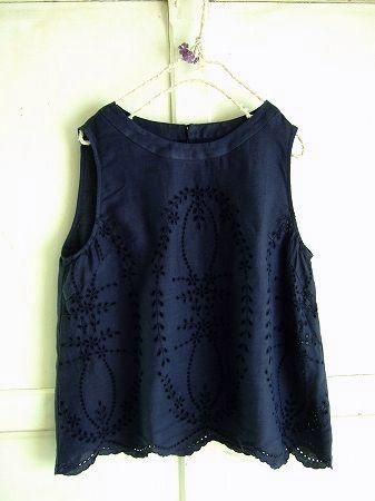 nesessaireカットワーク刺繍ノースリーブブラウスNV
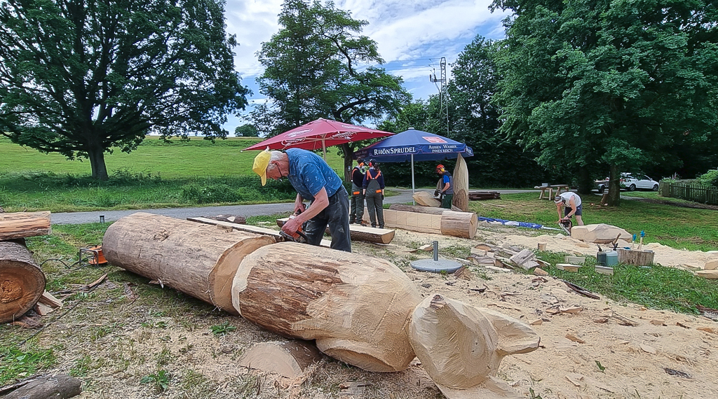 In einem Zweijahres-Rhythmus haben wir in diesem Jahr die Initiative der Holzbildhauertage fortgesetzt und im 20. Jahr zum 12. Mal ausgerichtet. Mit dem renommierten Bildhauer Dr. Ulrich Barnickel aus Schlitz sowie Elmar Baumgarten und dessen Sohn Johannes aus Ebersburg-Ritzelshof konnten wir wieder bekannte Künstler aus der Region gewinnen, die noch durch vier weiteren erfolgreichen Bildhauern aus dem Umfeld und der Schweiz ergänzt wurden. Das Stammholz wurde wie seither auch wieder von Hessen Forst, dem Forstamt Hofbieber, zur Verfügung gestellt.
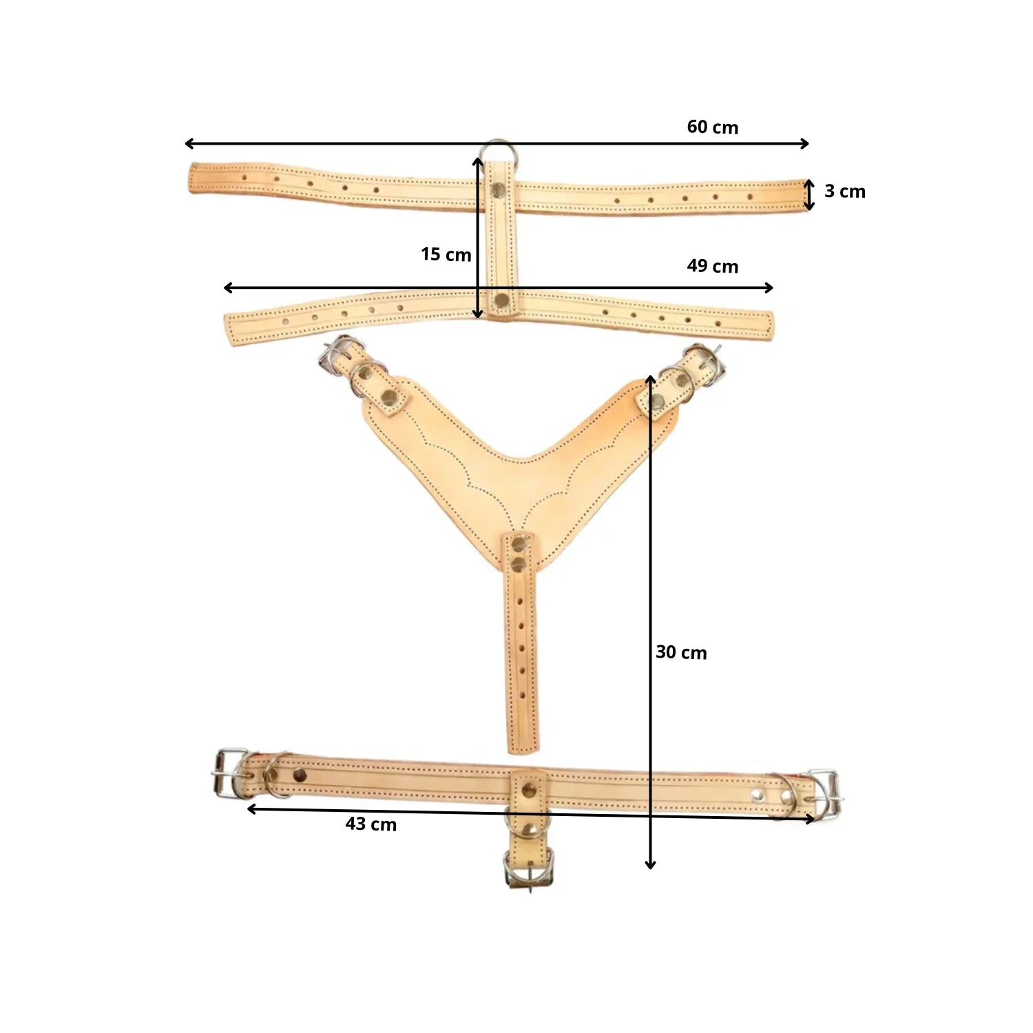 Pechera grande para perro elaborada en cuero, ideal para razas grandes. Costuras reforzadas, hebillas metálicas y ajuste cómodo al pecho. Proporciona control, seguridad y estilo en paseos diarios, con diseño clásico y duradero.
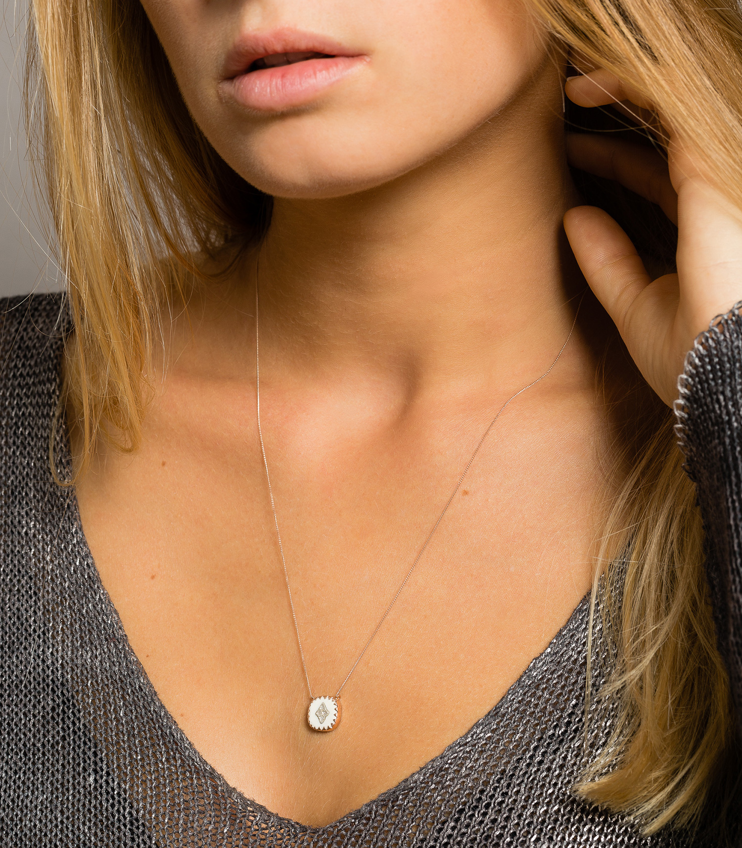 Délicat et poétique, le collier Pierrot N° 2 blanc et diamants Pascale Monvoisin confère une touche précieuse à l'allure. Associez-le à une matière noble comme la soie ou le cachemire.
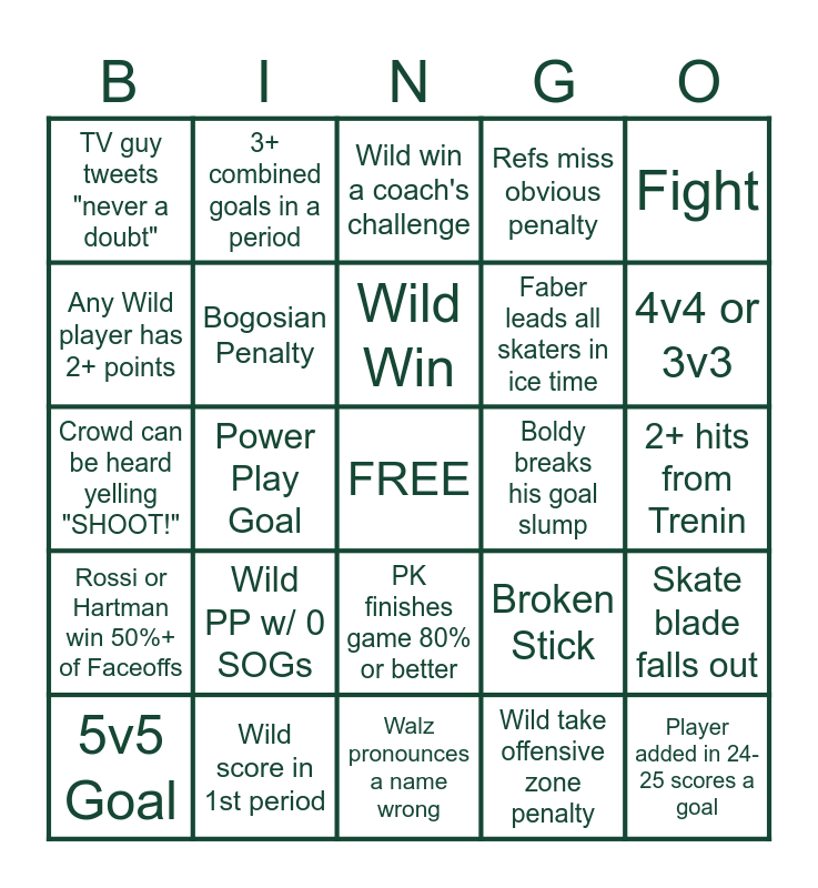 This bingo card has a free space and 29 words: 5v5 Goal, PK gives up goal within 20 seconds of PP starting, Power Play Goal, Wild hit the Post, TV guy tweets "never a doubt", Wild win a coach's challenge, Bogosian Penalty, Wild PP w/ 0 SOGs, Boldy breaks his goal slump, Wild score in 1st period, 2+ hits from Trenin, Player added in 24-25 scores a goal, Walz pronounces a name wrong, Wild take offensive zone penalty, 4v4 or 3v3, 10+ save period from Gus, PK finishes game 80% or better, Rossi or Hartman win 50%+ of Faceoffs, Fight, Crowd can be heard yelling "SHOOT!", Broken Stick, Tarps off interview, Faber leads all skaters in ice time, Any Wild player has 2+ points, Refs miss obvious penalty, 3+ combined goals in a period, Skate blade falls out, Wild Win and Wild have 30+ SOGs.
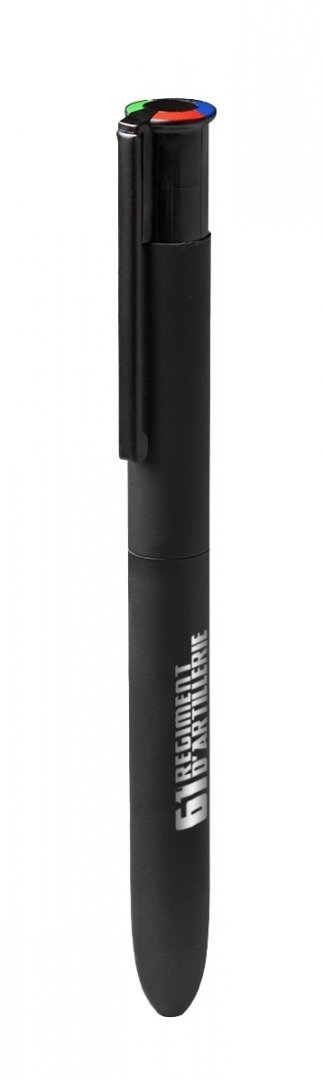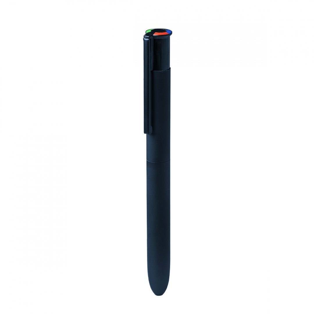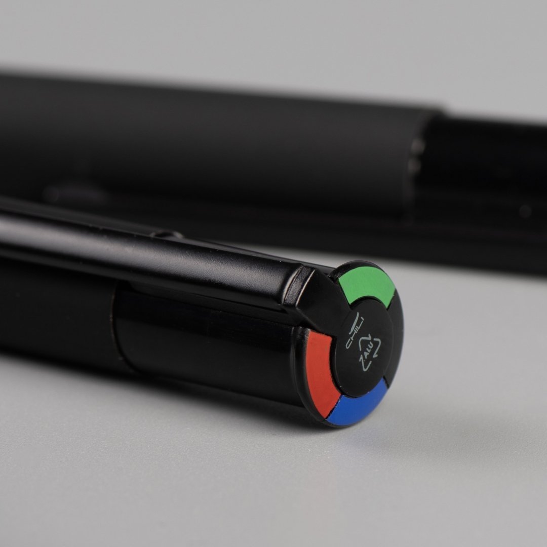 En aluminium recyclé. Fonction 4 couleurs. Corps large et confortable et finition toucher soft. Encre allemande longue durée. Existe en 2 coloris. Marquage laser compris sur le corps. Poids : 21 g. Dimensions : Ø 1,6 x 14,3 cm.

[What you need to do]: Begin at the line with "Pechera grande para" and end at the last line of the data above. Reproduce those lines exactly, but not the pictures.

[Written solution]:
 Pechera grande para perro elaborada en cuero, ideal para razas grandes. Costuras reforzadas, hebillas metálicas y ajuste cómodo al pecho. Proporciona control, seguridad y estilo en paseos diarios, con diseño clásico y duradero.
 Délicat et poétique, le collier Pierrot N° 2 blanc et diamants Pascale Monvoisin confère une touche précieuse à l'allure. Associez-le à une matière noble comme la soie ou le cachemire.
 This bingo card has a free space and 29 words: 5v5 Goal, PK gives up goal within 20 seconds of PP starting, Power Play Goal, Wild hit the Post, TV guy tweets "never a doubt", Wild win a coach's challenge, Bogosian Penalty, Wild PP w/ 0 SOGs, Boldy breaks his goal slump, Wild score in 1st period, 2+ hits from Trenin, Player added in 24-25 scores a goal, Walz pronounces a name wrong, Wild take offensive zone penalty, 4v4 or 3v3, 10+ save period from Gus, PK finishes game 80% or better, Rossi or Hartman win 50%+ of Faceoffs, Fight, Crowd can be heard yelling "SHOOT!", Broken Stick, Tarps off interview, Faber leads all skaters in ice time, Any Wild player has 2+ points, Refs miss obvious penalty, 3+ combined goals in a period, Skate blade falls out, Wild Win and Wild have 30+ SOGs.
 En aluminium recyclé. Fonction 4 couleurs. Corps large et confortable et finition toucher soft. Encre allemande longue durée. Existe en 2 coloris. Marquage laser compris sur le corps. Poids : 21 g. Dimensions : Ø 1,6 x 14,3 cm.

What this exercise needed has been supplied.